¿Cómo diseñar gRNA para la edición del genoma CRISPR?
El gRNA guía el sistema CRIPR Cas9 a la ubicación genómica correcta para realizar una rotura de doble hilo.La especificidad de targerting del sistema CRISPR Cas9 está determinada por los 20 nucleótidos en el extremo 5′ del gRNA. La base del gRNA se empareja con la cadena complementaria de la secuencia objetivo y la nucleasa Cas9 realiza una ruptura de doble cadena.
Al diseñar un gRNA, se deben tener en cuenta las siguientes cosas.
1) Contenido de GC: El rango típico está entre el 40% y el 80%. Un mayor contenido de GC estabiliza el dúplex ARN-ADN mientras desestabiliza hibridaciones fuera del objetivo
2) Longitud: La longitud podría ajustarse y oscilar entre 17 y 24 pares de bases. Una secuencia más corta conduce a minimizar los efectos fuera del objetivo. (17 pb es el límite más bajo en la longitud de la secuencia de guía, cualquier longitud de la secuencia de guía cualquier longitud menor que 17 tiene una probabilidad estadística de apuntar a múltiples loci genómicos.)
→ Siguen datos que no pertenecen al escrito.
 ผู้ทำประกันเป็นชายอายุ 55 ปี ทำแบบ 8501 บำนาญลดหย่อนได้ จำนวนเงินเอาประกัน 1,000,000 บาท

3) Efectos potenciales fuera de objetivo: La tolerancia al desajuste y el sitio objetivo es lo que conduce a efectos fuera de objetivo. Esto se puede reducir mediante búsquedas de efectos objetivo de amplitud genómica.
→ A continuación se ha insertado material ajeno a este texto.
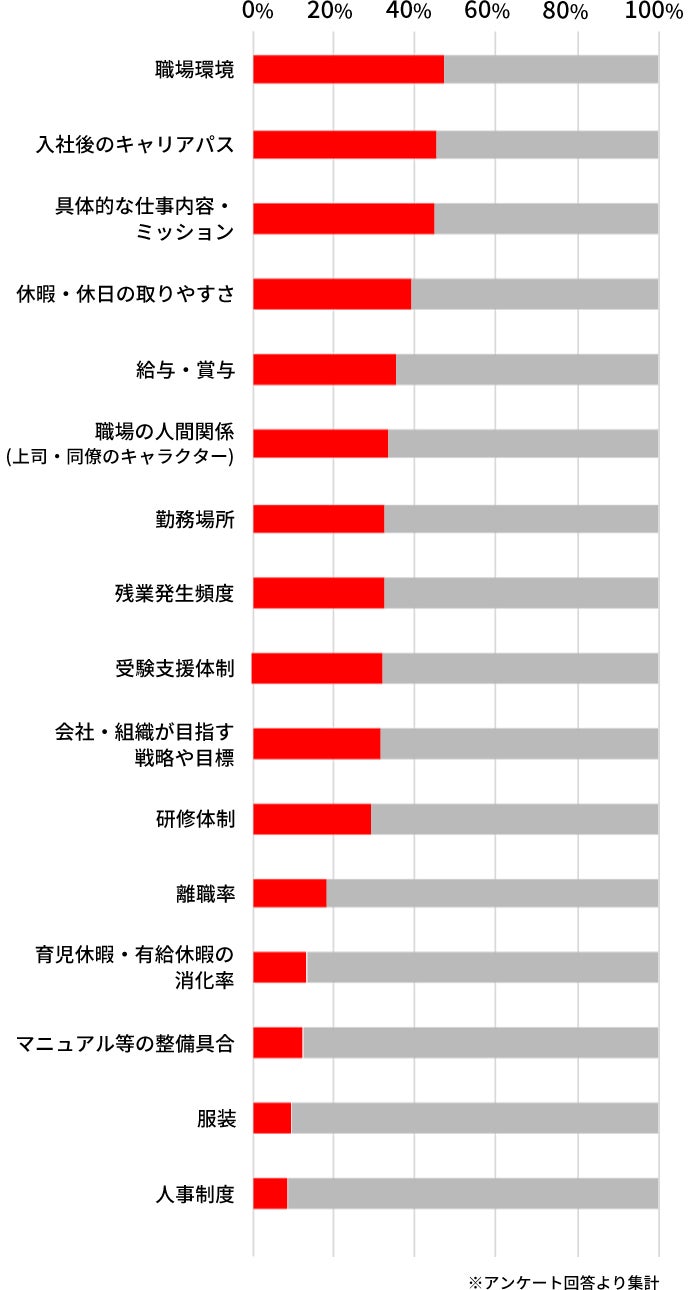 前年と比べ「職場環境」の回答が大幅に増加し(30%→40%)最多となった。他にも、「入社後のキャリアパス」「具体的な仕事内容・ミッション」の回答も多いことから、働く環境や将来のキャリアプランが具体的に想像できる情報が求められている。

Hay muchos sitios web que ayudan en el diseño de gRNAs. Algunos de ellos son Chop Chop (Harvard), el diseñador de Broad Institute sgRNA y Biotools.
Estoy explicando cómo usar el sitio web de Chop Chop aquí,
1) ir a https://chopchop.cbu.uib.no/
2) Seleccionar Especie
3) Seleccionar la identificación genética específica de la especie o cortar y pegar el nucleótido de interés, y comenzar el análisis.
Una vez realizado el análisis, se mostrará la representación gráfica del gRNA específico del sitio. Cada gRNA potencial también mostrará los posibles efectos fuera del objetivo. Selecciona los que tengan menos efectos fuera del objetivo.